CEO Edvisor Profina Visindo, Praska Putrantyo menambahkan, dampak dari konflik
Iran vs Israel yang merembet pada ketegangan di Timur Tengah bisa berdampak
signifikan. Terlebih jika menyulut lonjakan harga komoditas energi, seperti efek saat
krisis Rusia vs Ukraina.

Secara umum, kondisi ini berpotensi mendorong kenaikan inflasi global. Sekaligus
kembali menunda pemangkasan suku bunga acuan untuk waktu yang lebih lama.
Tingginya inflasi juga menimbulkan spekulasi perlambatan ekonomi dan pelemahan
kurs.

Dalam skenario tersebut, Praska menaksir pasar saham akan


bergerak sideways hingga akhir semester I-2024. Pelaku pasar akan terlebih dulu
menunggu rilis kinerja emiten dan perkembangan isu geopolitik di Timur Tengah
yang rawan memantik lonjakan harga komoditas energi.

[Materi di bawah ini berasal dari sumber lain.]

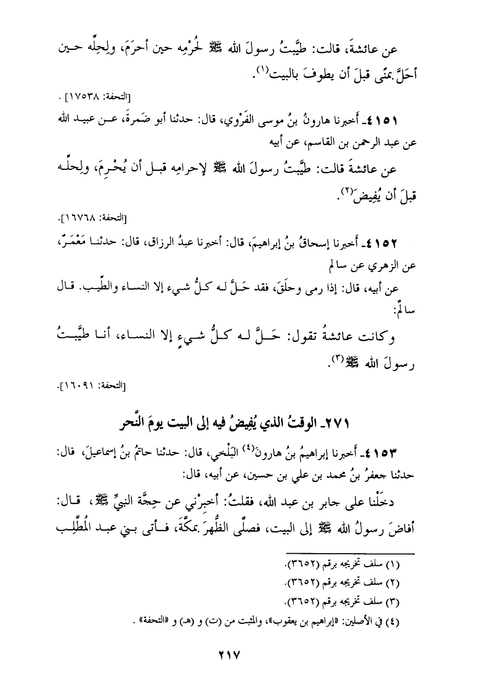 4151 - أَخْبَرَنَا هَارُونُ بْنُ مُوسَى الْفَرَوِيُّ، قَالَ: حَدَّثَنَا أَبُو ضَمْرَةَ، عَنْ عُبَيْدِ اللهِ، عَنْ عَبْدِ الرَّحْمَنِ بْنِ الْقَاسِمِ، عَنْ أَبِيهِ، عَنْ عَائِشَةَ، قَالَتْ: «§طَيَّبْتُ رَسُولَ اللهِ صَلَّى اللهُ عَلَيْهِ وَسَلَّمَ لِإِحْرَامِهِ قَبْلَ أَنْ يُحْرِمَ وَلِحِلِّهِ قَبْلَ أَنْ يُفِيضَ»
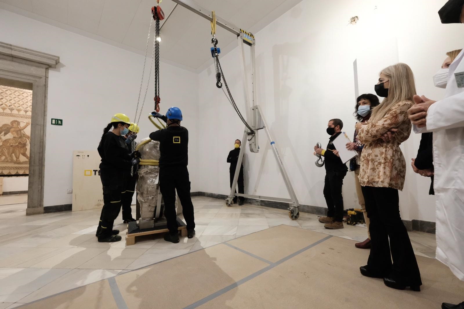 Acompañada por la secretaria general de Innovación Cultural y Museos, Mar Sánchez Estrella, y la directora del Museo, Marisol Gil de los Reyes, la consejera Patricia del Pozo ha afirmado que, con las actuales previsiones y una vez que se concluyan los trabajos embalaje y almacenamiento en el mes de febrero con la actuación del Instituto del Patrimonio Cultural de España (IPCE) en las grandes esculturas, epígrafes y mosaicos, se necesitarán dos meses y alrededor de 150 traslados en camión para completar el transporte traslado al Centro Logístico del Patrimonio Cultural (CLPC) de San José de la Rinconada (Sevilla).

Dengan kondisi ini, Praska memilih saham minyak dan gas serta batubara sebagai
pilihan. Kemudian sektor barang konsumsi primer dan non-primer, serta saham
telekomunikasi. Saran dia, cermati peluang buy on weakness pada ASII, INDF,
TLKM, BRPT dan PTRO.

Sementara Agung menjagokan saham dari sektor yang terkait dengan komoditas
seperti MEDC, ELSA, MDKA, ADRO, ITMG, INCO dan NCKL.